● Data provided

▬▬▬▬▬▬▬▬▬▬

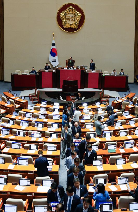 더불어민주당 의원들이 25일 오후 서울 여의도 국회에서 열린 제416회국회(임시회) 제1차 본회의에서 채해병 특검법 재표결(순직 해병 수사 방해 및 사건 은폐 등의 진상규명을 위한 특별검사의 임명 등에 관한 법률안 재의의 건) 결과 재석 의원 299명 중 찬성 194명, 반대 104명, 무효 1명으로 부결되자 퇴장하고 있다. 2024.7.25 (서울=뉴스1) |
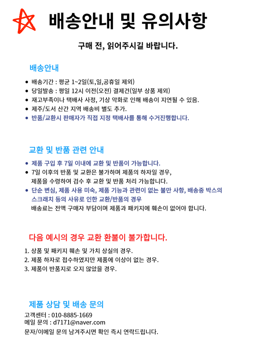 본 제품을 구매하시면 원활한 배송을 위해 꼭 필요한 고객님의 개인정보를 (성함, 주소, 전화번호 등) 택배사 및 제 3업체에서 이용하는 것에 동의하시는 것으로 간주됩니다.
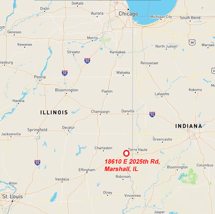 Research Parcel InformationSite Address: 18610 E 2025th Rd, Marshall, IL 62441 1.2 hrs southeast of Champaign IL. 3 hrs south of Chicago IL. 25 minutes west of Terre Haute IN. 1.5 hrs west of Indianapolis, IN.

▬▬▬▬▬▬▬▬▬▬

● Problem details
The response should consist of the lines above from the first through the one containing "본 제품을 구매하시면", transcribed exactly, with every picture left out.

● Result for this exercise
 더불어민주당 의원들이 25일 오후 서울 여의도 국회에서 열린 제416회국회(임시회) 제1차 본회의에서 채해병 특검법 재표결(순직 해병 수사 방해 및 사건 은폐 등의 진상규명을 위한 특별검사의 임명 등에 관한 법률안 재의의 건) 결과 재석 의원 299명 중 찬성 194명, 반대 104명, 무효 1명으로 부결되자 퇴장하고 있다. 2024.7.25 (서울=뉴스1) |
 본 제품을 구매하시면 원활한 배송을 위해 꼭 필요한 고객님의 개인정보를 (성함, 주소, 전화번호 등) 택배사 및 제 3업체에서 이용하는 것에 동의하시는 것으로 간주됩니다.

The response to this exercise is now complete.